Потаенная девушка (страница 2)

Страница 2

– Они цепляются за свое прошлое, словно мерзкий клейкий лишай! – воскликнула Оуна, давая выход вскипающей в груди злости. – И тем самым внушают нам, что мы плохие, неполноценные, что мы никогда не станем такими, как они. Но сами они не выживут здесь и часа!

Схватив лопатку, она с силой зашвырнула ее в лес из белодревов.

Джейсон и Тэлия промолчали. После нескольких неловких мгновений они встали.

– Нам нужно готовиться к собранию, – пробормотал Джейсон.

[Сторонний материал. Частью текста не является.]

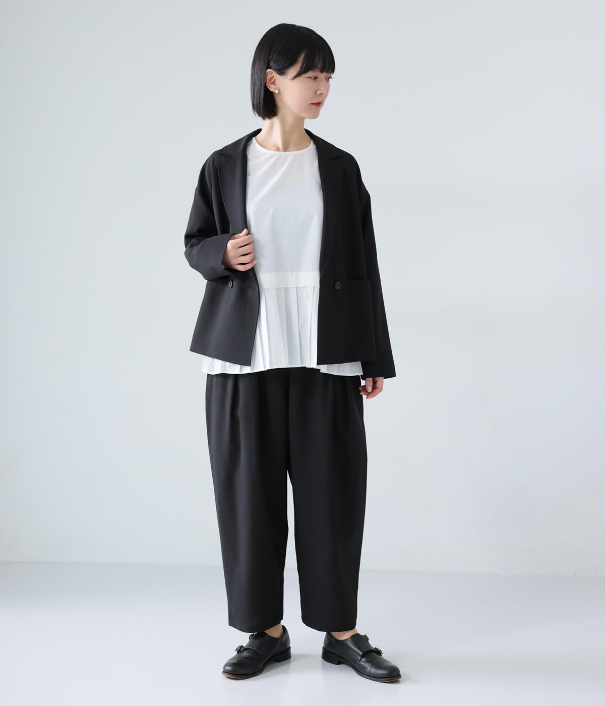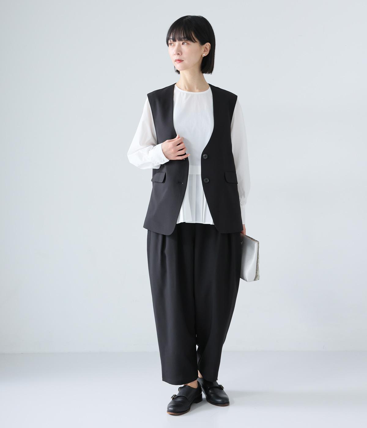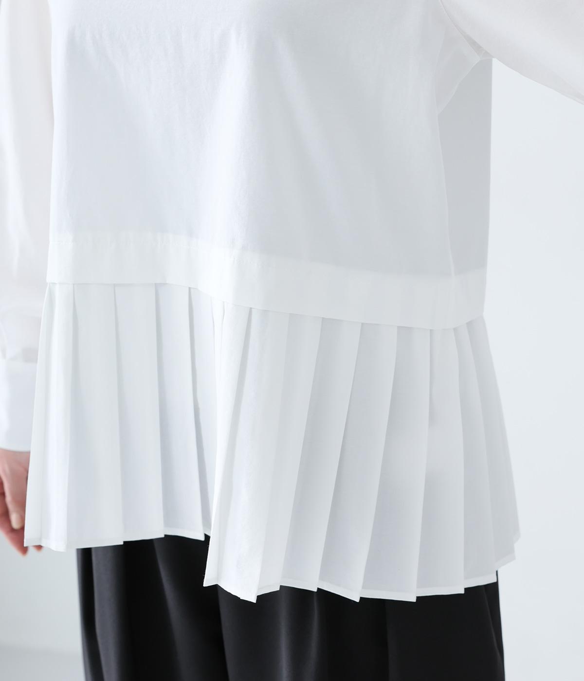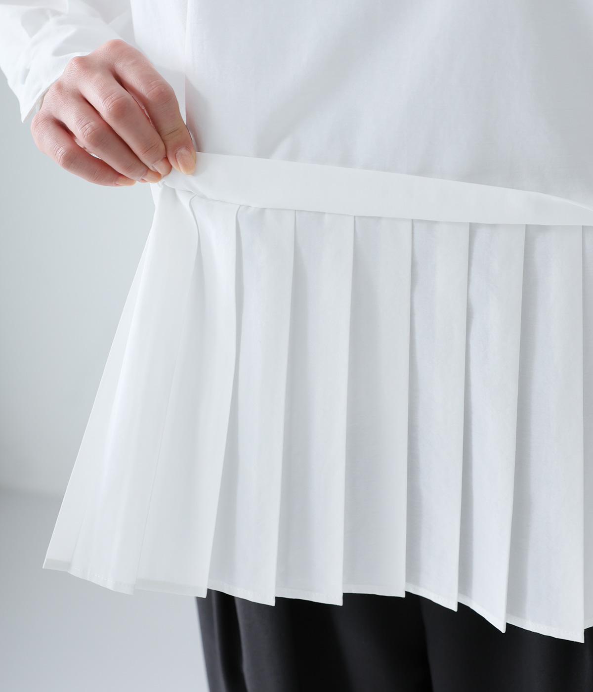 裾のプリーツが着こなしに立体感をうみ、気になるお腹まわりをカバーするプルオーバー。長めのカフスとボリューム袖が大人女性の魅力を引き立てます。大きく開くバックファスナーが着脱をアシスト。オンオフ問わず活躍し、おしゃれの幅が広がる一着です。

И они направились обратно в Купол.

Какое-то время Оуна сидела одна, рассеянно считая пролетающие над головой крылатые челноки. Вздохнув, она встала и пошла в лес искать лопатку.

Если честно, в такие теплые, погожие осенние дни Оуне больше всего хотелось находиться на улице без термокостюма и шлема, бродить по зарослям белодревов среди шестиугольных стволов, уходящих в небо, под колышущимся зеркальным пологом серебристо-белых шестиконечных листьев, слушая их загадочный шепот и смех.

Она смотрела на танцующих в воздухе мошек – они бешено молотили своими шестью прозрачными ярко-голубыми крылышками, выписывая в воздухе узоры, которые, она была уверена, представляют собой своеобразный язык общения. Купол был построен на месте древнего города аборигенов: и тут и там среди зарослей возвышались курганы – груды угловатых обломков, оставленных загадочными коренными обитателями этой планеты, полностью вымершими за тысячелетия до прибытия корабля с колонистами, пустынные развалины, наполненные призрачной тишиной.

«Не очень-то они и старались», – подумала Оуна. Учителя никогда не проявляли особого интереса к аборигенам, поглощенные лишь тем, чтобы вбить детям в голову всякий мусор о старой Земле.

Оуна ощущала лицом и телом солнечное тепло, ее белая чешуя переливалась в ярких лучах всеми цветами радуги. Полуденное солнце было таким жарким, что там, где тень от белодревов не прикрывала землю, закипала вода и лес был наполнен струйками белого пара. Хотя Оуна не могла забросить лопатку далеко, отыскать ее в густых зарослях было непросто. Оуна продвигалась медленно, внимательно изучая каждый торчащий из земли корень и каждый перевернутый камень, каждую груду древних обломков. Ей хотелось надеяться, что лопатка не сломалась.

Ну вот, наконец!

Она поспешила к лопатке, которая лежала на груде обломков, устроившись среди метелок травы, смягчившей ее падение. Под ней скопилось облачко пара, в котором она словно бы плавала. Оуна наклонилась к ней.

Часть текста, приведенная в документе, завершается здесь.